[Opening Data supplied section]
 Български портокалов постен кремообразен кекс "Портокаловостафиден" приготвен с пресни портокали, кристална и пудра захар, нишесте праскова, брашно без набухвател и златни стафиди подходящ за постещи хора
[Closing Data supplied section]
[Opening Data supplied section]
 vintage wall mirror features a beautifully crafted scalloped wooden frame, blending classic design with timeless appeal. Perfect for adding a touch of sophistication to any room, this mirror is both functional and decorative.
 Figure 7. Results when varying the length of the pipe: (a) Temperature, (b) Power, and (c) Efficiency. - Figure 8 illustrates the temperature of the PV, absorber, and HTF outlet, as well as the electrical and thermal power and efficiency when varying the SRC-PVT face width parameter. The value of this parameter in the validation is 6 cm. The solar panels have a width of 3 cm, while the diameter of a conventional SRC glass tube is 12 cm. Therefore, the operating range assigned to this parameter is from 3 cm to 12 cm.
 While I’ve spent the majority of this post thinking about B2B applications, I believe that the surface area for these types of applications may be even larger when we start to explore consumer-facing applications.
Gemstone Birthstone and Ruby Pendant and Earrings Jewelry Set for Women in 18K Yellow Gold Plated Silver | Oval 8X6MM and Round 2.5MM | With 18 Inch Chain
[Closing Data supplied section]
__Problem description__. Among the entries above, the lines between the ones containing "Figure 7. Results" and "Gemstone Birthstone and", inclusive, are to be transcribed exactly. No other line is to be given.

__Problem solution__.
 Figure 7. Results when varying the length of the pipe: (a) Temperature, (b) Power, and (c) Efficiency. - Figure 8 illustrates the temperature of the PV, absorber, and HTF outlet, as well as the electrical and thermal power and efficiency when varying the SRC-PVT face width parameter. The value of this parameter in the validation is 6 cm. The solar panels have a width of 3 cm, while the diameter of a conventional SRC glass tube is 12 cm. Therefore, the operating range assigned to this parameter is from 3 cm to 12 cm.
 While I’ve spent the majority of this post thinking about B2B applications, I believe that the surface area for these types of applications may be even larger when we start to explore consumer-facing applications.
Gemstone Birthstone and Ruby Pendant and Earrings Jewelry Set for Women in 18K Yellow Gold Plated Silver | Oval 8X6MM and Round 2.5MM | With 18 Inch Chain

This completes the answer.